The United States of America has warned that the reputation of Nigeria’s military was at stake while the future of the country and her children was in jeopardy following the capture of some towns in the north eastern part of the country in the last few weeks by Boko Haram terrorists.
US Assistant Secretary of State for African Affairs, Amb. Linda Thomas-Greenfield, who expressed deep concerns of her country on the activities of the Islamic sect in Nigeria, while participating in the International Conference on Security in Abuja, declared that failure was not an option.
The militants on Monday reportedly took Bama, 70 kilometres (45 miles) from the Borno State capital, Maiduguri, where 10,000 youths, former soldiers and police gathered on Thursday, vowing to push back the advance. Multiple testimonies from residents, who have been fleeing Bama all week, contradicted military claims that soldiers still held the town.
“The truth is that Boko Haram fighters are in firm control of Bama,” said one resident, Muhammadu Mai Tumatur, who escaped to Maiduguri.
“They have occupied the military barracks and the palace of the emir and they have hoisted their flags in both places.
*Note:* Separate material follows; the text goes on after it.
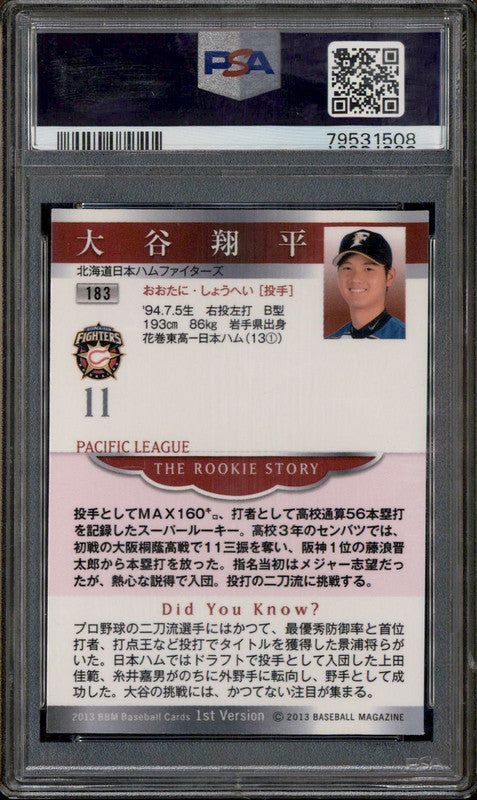 2013 BBM 2013 BBM #183 Shohei Ohtani RC PSA 7

There is not a single soldier in the town. The gunmen are in control.”
Before the capture of Bama, Borno’s second largest town last Monday, the militants had seized Gamboru Ngala, Buni Yadi in Yobe State and Madagali in Adamawa, with Nigerian troops seemingly unable to match their firepower.
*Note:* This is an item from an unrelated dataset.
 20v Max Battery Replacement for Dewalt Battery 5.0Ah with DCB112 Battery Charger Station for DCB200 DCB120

Other towns reportedly taken over by the terrorists include Gwoza, Banki, and Bara.
The US envoy warned that Boko Haram constituted a serious threat to Nigeria and her neighbours and must be viewed in that light, as according to her, the claimed capture of towns by Boko Haram indicated a “steadily worsening” security situation.
“We are very troubled by the apparent capture of Bama and the prospects for an attack on and in Maiduguri, which would impose a tremendous toll on the civilian population. All of these developments are deeply disturbing, and increasingly dangerous with each passing day. The reputation of Nigeria’s military is at stake. But more importantly, Nigeria’s and its children’s future is in jeopardy. Failure is not an option”.
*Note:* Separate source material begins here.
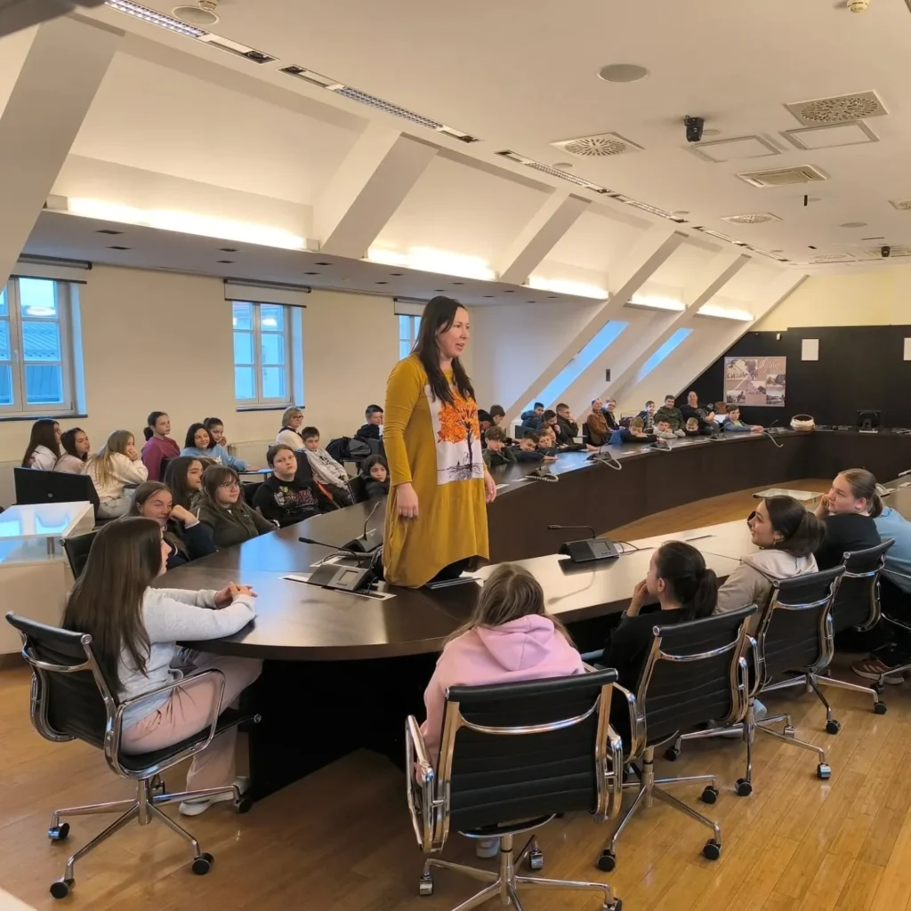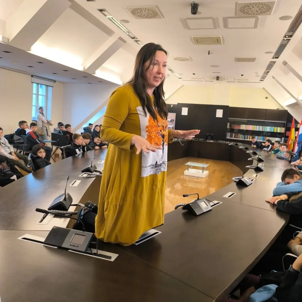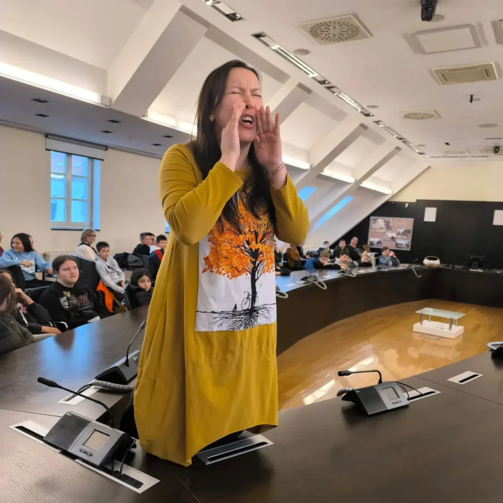 Veliko hvala učenicima, učiteljima i knjižničarkama na dolasku i sudjelovanju u interaktivnom pripovijedanju Danijele Miklec koja je na jedan vješt i zanimljiv način u samom središtu dvorane uz mnogobrojne rekvizite oživjela magičnu ljepotu Ivanine bajke “Jagor”.

Ms. Thomas-Greenfield said Washington would soon announce the launch of a major border security programme, which will include Nigeria and its neighbours — Cameroon, Chad and Niger.
She added that the stakes were high after experts warned that the government risked losing control of the north-east and the violence could spread across borders.
There has been a controversy over whether or not the military forces were able to successfully repel the insurgents which seized Gwoza and declared it a caliphate. It was reported that the insurgents have been targeting Maiduguri, the state capital which is only about 70 kilometers from Bama, leading to the imposition of a curfew in the ancient town by the military.
Bama residents said heavily armed militants were roaming the town and had until now spared civilians.
One of them, Mustapha Tor, said a “large number” of troops were in Kawuri, 20 kilometres away, although they had not mounted a counter-attack. Most people had left because of previous atrocities, he added.
“We know what they did in Gwoza and Gamboru Ngala, where they told residents they could stay but later turned and killed them,” Tor said.
In Maiduguri, youths, local hunters armed with home-made guns and bows and arrows as well as former soldiers and police, promised to fight the militants and end the insurgency.
The state co-ordinator of the civilian vigilantes, Mallam Abba Aji Kalli, said: “We are optimistic that with our gora (sticks in Hausa) and other local arms, we will raid all terrorist hideouts and kill them when given permission by the federal government.”